[Items from a dataset]
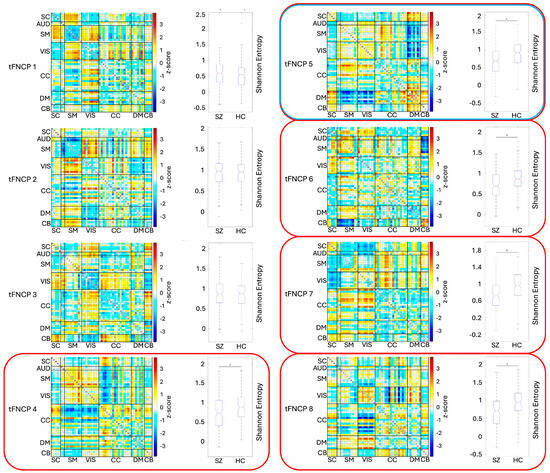 Having confirmed that subject joint entropy rate differs between populations, an obvious question is whether these differences are evenly distributed amongst tFNCPs or whether they are concentrated within a subset of them. To answer this question, we compared the group-level entropy rates of each tFNCP using the Kolmogorov–Smirnov two-sample test, with the false discovery rate [61] correcting for multiple comparison. A Student’s t-test was also applied to the entropy rate distributions, which passed the Jarque–Bera test for normality. This approach reveals decreased patient entropy rates in five of eight tFNCPs (Figure 4), with no qualitative differences between the Kolmogorov–Smirnov two-sample test and Student’s t-test results. Figure 4 displays the connectivity matrices and entropy distribution boxplots of each tFNCP, with group entropy means, variances, and test statistics listed in Table 2.
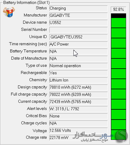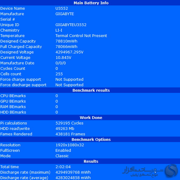 - باقیمانده شارژ باتری پس از اتمام کارکرد موارد بالا: 58.2%
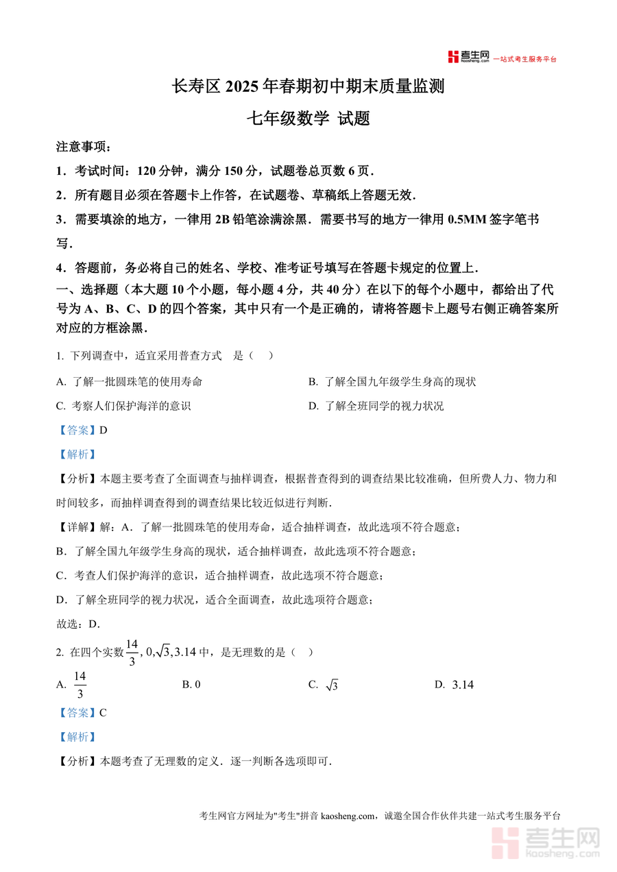 《精品解析:重庆市长寿区2024-2025学年七年级下学期期末考试数学试题(解析版).docx》是一份针对长寿区七年级下学期数学期末备考需求的专业真题解析资料,涵盖选择题、填空题、解答题三大题型共19道题目及完整解析内容。资料特色在于每道题均标注核心考点(如普查与抽样调查分类、无理数定义判定、平行线性质应用等),并通过“分析-详解-总结”三步法拆解解题思路,同时补充易错点提示与同类题型拓展,帮助学生精准把握知识点应用场景。此外,资料严格遵循本地考试时间、分值设置及答题规范要求,确保内容与实际考试高度贴合。
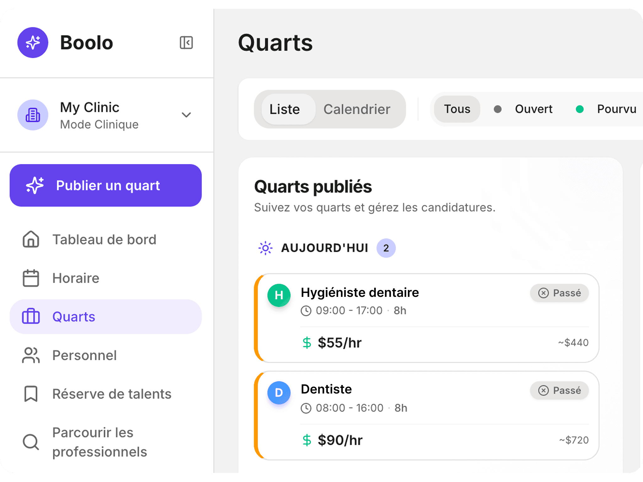 Track active professionals, upcoming shifts, and staffing gaps across your clinic or group.
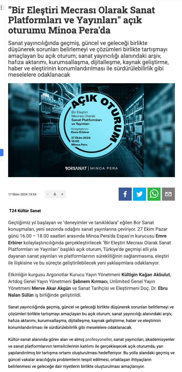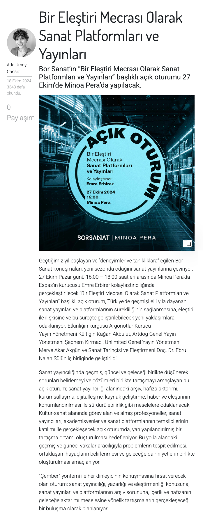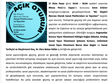 Eser Adı: "Bir Eleştiri Mecrası Olarak Sanat Platformları ve Yayınları" açık oturumu Minoa Pera'da
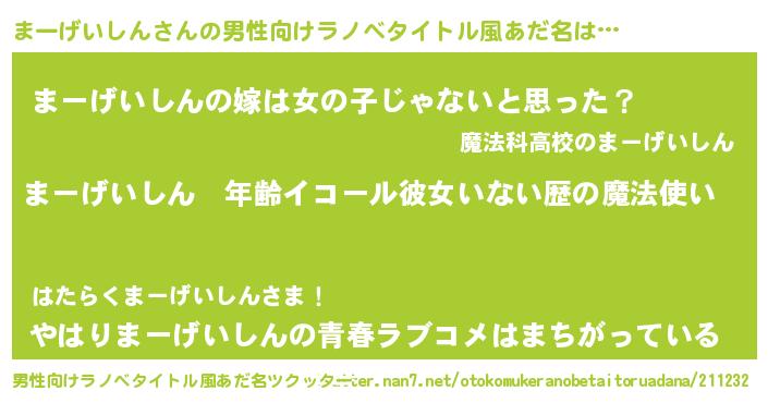 | 女子向けラノベタイトル風あだ名 | 『まーげいしんの玉の輿計画!』 |
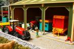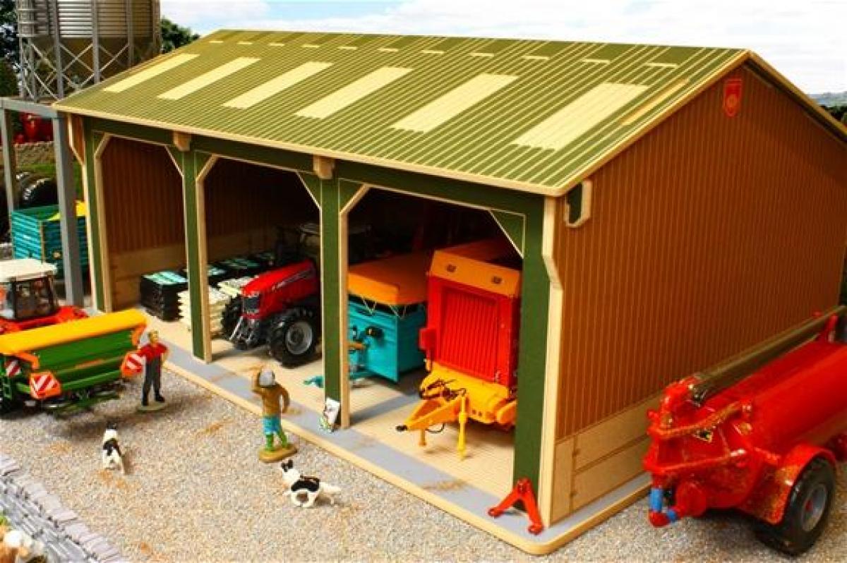 Hangar 3 travées . Nombreux détails. Longueur 560 mm Largeur 400mm Hauteur 260mm. Animaux et matériels agricoles vendus séparément.
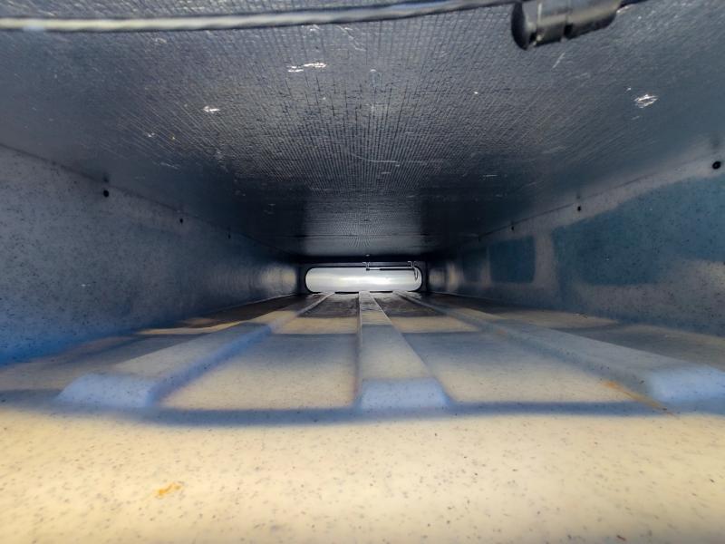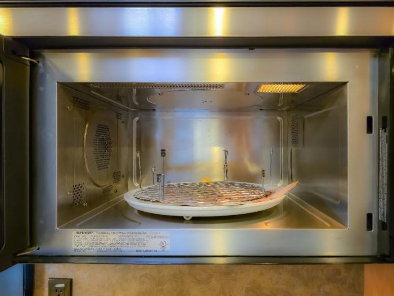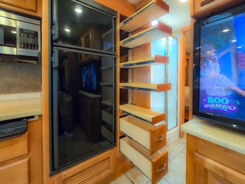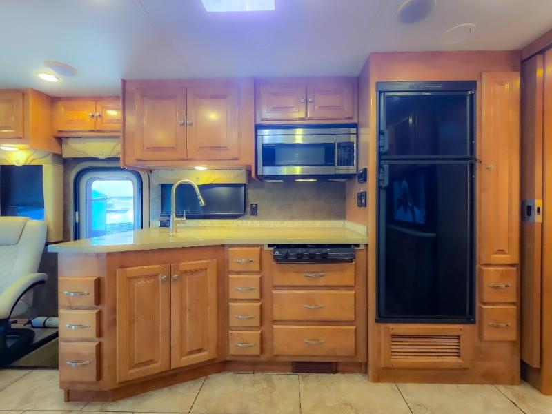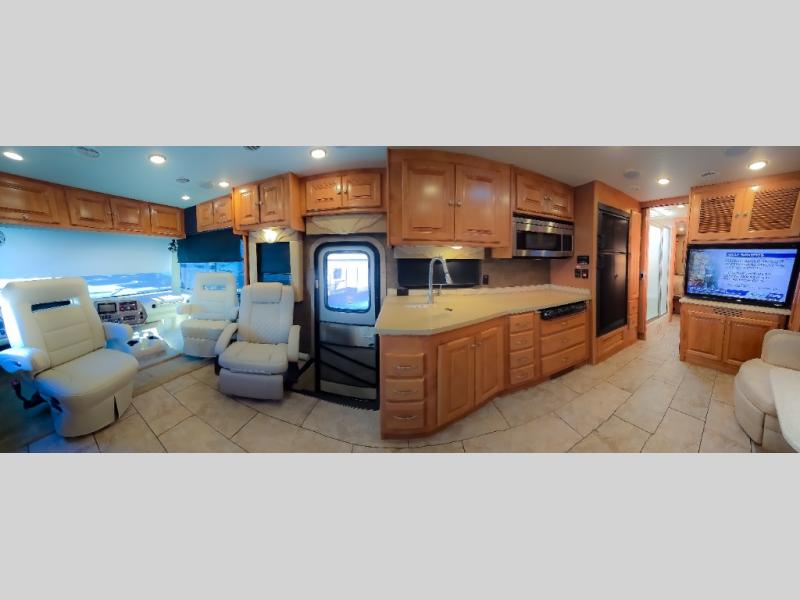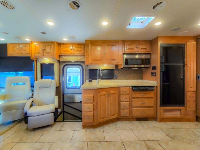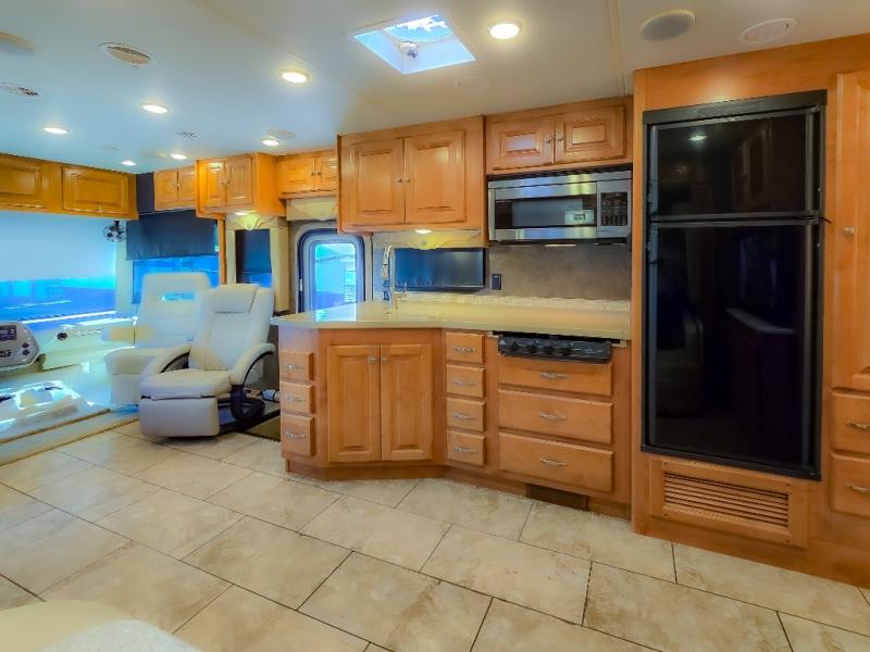 The kitchen along the curb side includes a pantry, refrigerator, three burner range, overhead microwave, angled double sink and overhead cabinets. A lounge chair and ottoman are just beyond the entry steps, with more overhead cabinets.

# TASK TO CARRY OUT
To answer, repeat exactly the lines from the line containing "Hangar 3 travées" through the last line of the data above, leaving out all pictures.

# RESPONSE BELOW
 Hangar 3 travées . Nombreux détails. Longueur 560 mm Largeur 400mm Hauteur 260mm. Animaux et matériels agricoles vendus séparément.
 The kitchen along the curb side includes a pantry, refrigerator, three burner range, overhead microwave, angled double sink and overhead cabinets. A lounge chair and ottoman are just beyond the entry steps, with more overhead cabinets.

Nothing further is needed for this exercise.